„Die Europäer haben die Uhr, die Afrikaner die Zeit.“ Wie wahr dieser Satz ist, ja, was er überhaupt bedeutet, das weiß Albert Karschti seit seiner Rückkehr aus Ruanda nur zu gut. Sechs Wochen lang war der pensionierte Bergbau-Ingenieur, Mitglied der Bezirksvertretung Alt-Oberhausen und Pirat, in dem ostafrikanischen Land. Er half als Senior-Experte beim Aufbau moderner Bergwerke. Ein Aufenthalt, der starken Eindruck hinterlassen hat.

ZukunftsorientierteEntwicklungshilfe

Als die Anfrage aus Bonn kam, dem Sitz des Senior-Experten-Service, der Stiftung der deutschen Wirtschaft für internationale Zusammenarbeit, da hatte Albert Karschti zunächst einmal Bedenken. Alles, was er über Ruanda wusste, wirkte nicht gerade einladend: „Aids, Genozid, Gefahr. Irgendwie hörte sich alles nach Problemen an.“ Doch sein Wissenshunger siegte, auch sein Wunsch, die Zustände in dieser Welt mit dem eigenen Zutun zu verändern. „Eine Art zukunftsorientierte Entwicklungshilfe“, so beschreibt der 59-Jährige die Arbeit, die er in Ruanda ehrenamtlich geleistet hat.

Die Menschen dort zu stärken, war für ihn mindestens genauso wichtig wie ihre miserablen Arbeitsbedingungen zu verbessern.
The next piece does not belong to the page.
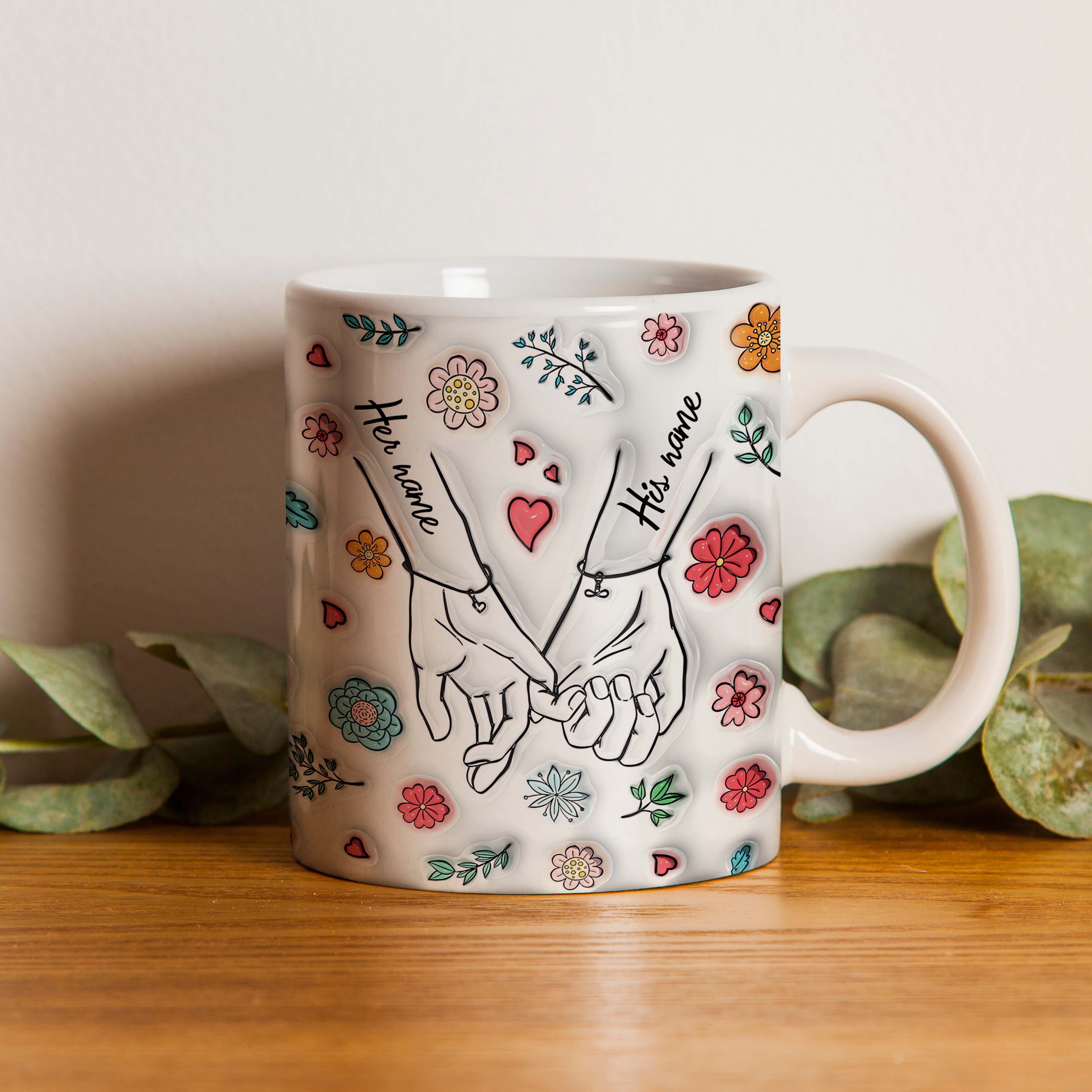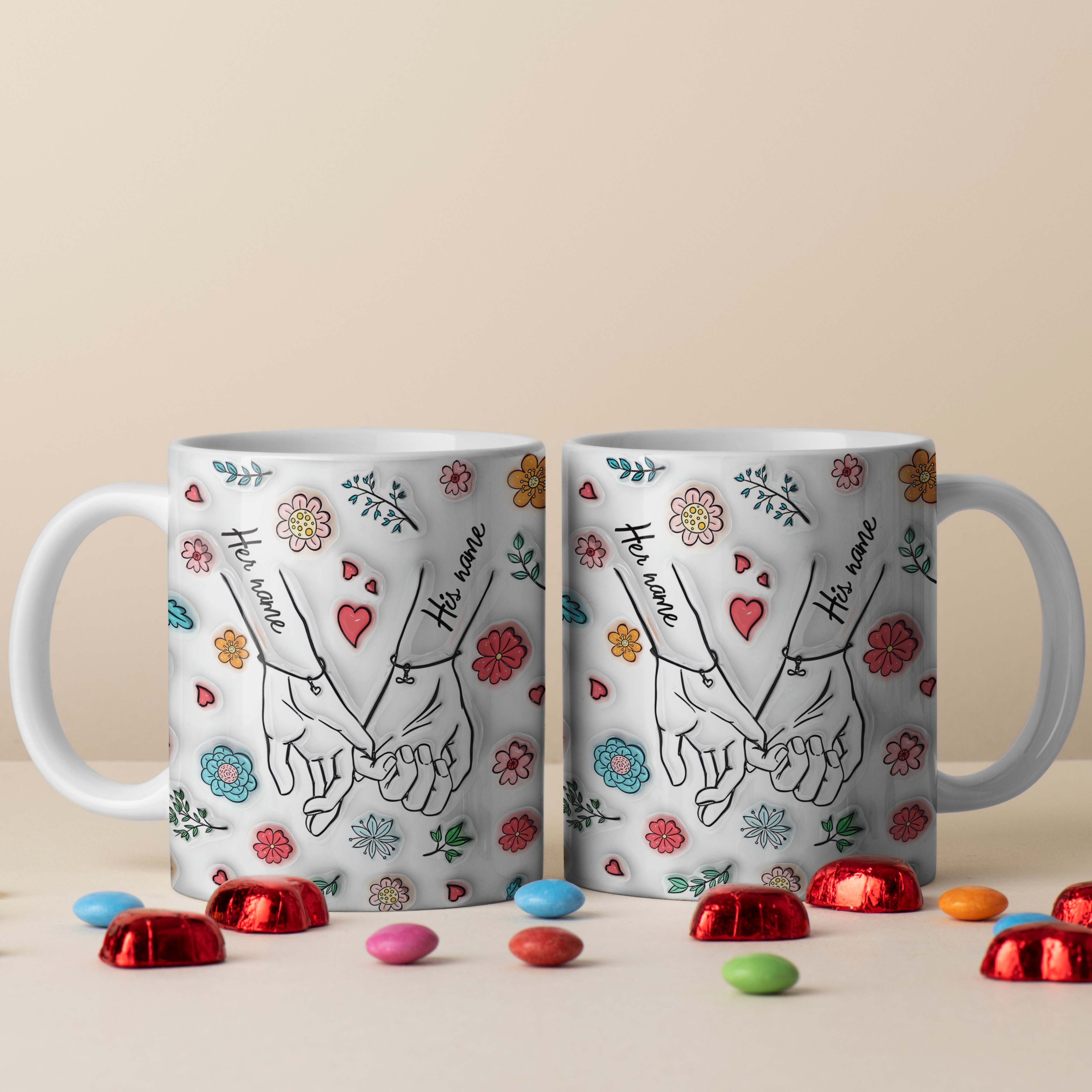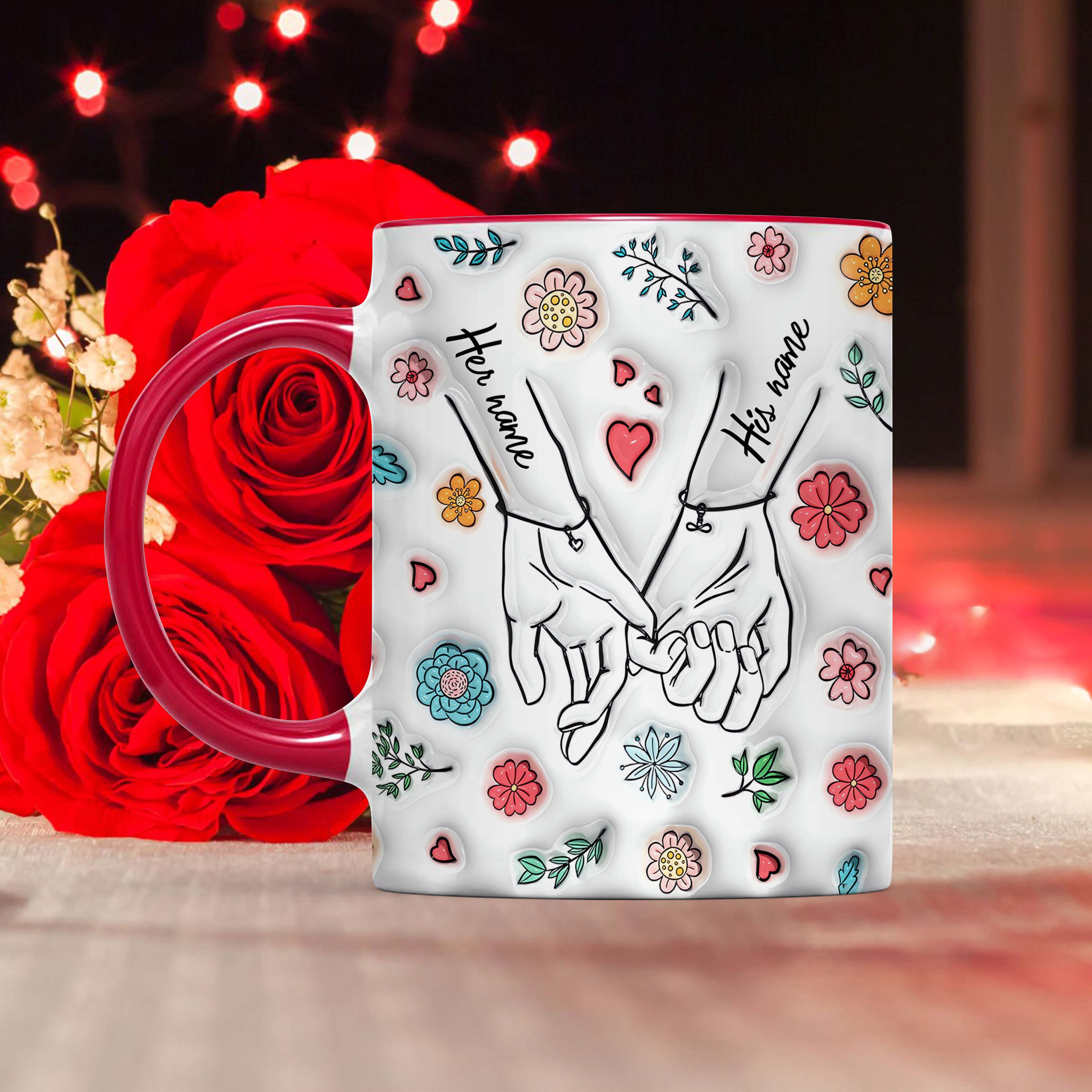 Holding Hand Custom Photo Accent Mug, Valentine Coffee Mug, Couple Mug, Valentine's Day Gift

Wie schwierig es werden würde, von außen helfend und verändernd einzugreifen, das sollte Karschti gleich zu Beginn seines Besuchs in Nyamata, einer Stadt südöstlich der Hauptstadt Kigali, zu spüren bekommen. Er schenkte einem Jungen tausend Ruanda-Francs, etwas mehr als einen Euro. Eine Menge Geld, wenn man bedenkt, dass ein Bergarbeiter auf einen Lohn von drei bis vier Euro kommt. Das Resultat: Der Junge durfte mehrere Tage nicht in die Nähe des Deutschen kommen. „Ich habe ihn in seinem sozialen Gefüge geschwächt“, sagt Karschti. „Das war ein Riesenfehler.“ Der Junge hatte plötzlich mehr Geld als die Älteren, die Rangordnung stand Kopf. Karschti lernte daraus – und fand einen besseren Weg, den Jungen zu unterstützen: „Ich habe einem Studenten Geld gegeben, damit er ihm das Lesen und Schreiben beibringt.“

Nicht die große Armut oder die lebensgefährlichen Arbeitsbedingungen in den Bergwerken seien schockierend gewesen für Karschti. Nicht die Kinderarbeit oder die Lehmhütten, die beim nächsten Regen hinwegzuspülen drohten, sondern: „Dass die Menschen trotz alledem so fröhlich und offen sind.“

Einem Leben wie im Mittelalter sei Karschti in Ruanda begegnet. Mit Menschen, die ihr Wasser aus Brunnen holen, die 15 Kinder haben und kein anderes Transportmittel als ein Fahrrad. Er hat Hunger gesehen und Schmutz, und Sträflinge, die durch die Stadt geführt und als Tagelöhner angeboten werden. Was er auch erlebt hat: ein riesiges Interesse an Technik und Kommunikation („Manche haben sogar zwei Handys“), starkes Gemeinschaftsgefühl, einen tiefen Glauben, Spiele, Musik und Tanz – und das vom frühen Morgen an: „Die Menschen leben im Rhythmus der Natur. Um fünf Uhr geht es schon los, da pulsiert das Leben. Mit Ausschlafen war da nix.“

Den bewegendsten Moment jedoch erlebte der Oberhausener beim Besuch der Gedenkstätte für den Völkermord an den Tutsi. 1994 hatten Angehörige der Hutu eine Million Menschen massakriert. Ein Friedensprojekt bringt Opfer und Täter zusammen. So stand eine Tutsi-Frau jenem Mann gegenüber, der ihr den Arm abgehackt hatte. Kein Hass, kein Zorn. „Das war unglaublich“, sagt Karschti.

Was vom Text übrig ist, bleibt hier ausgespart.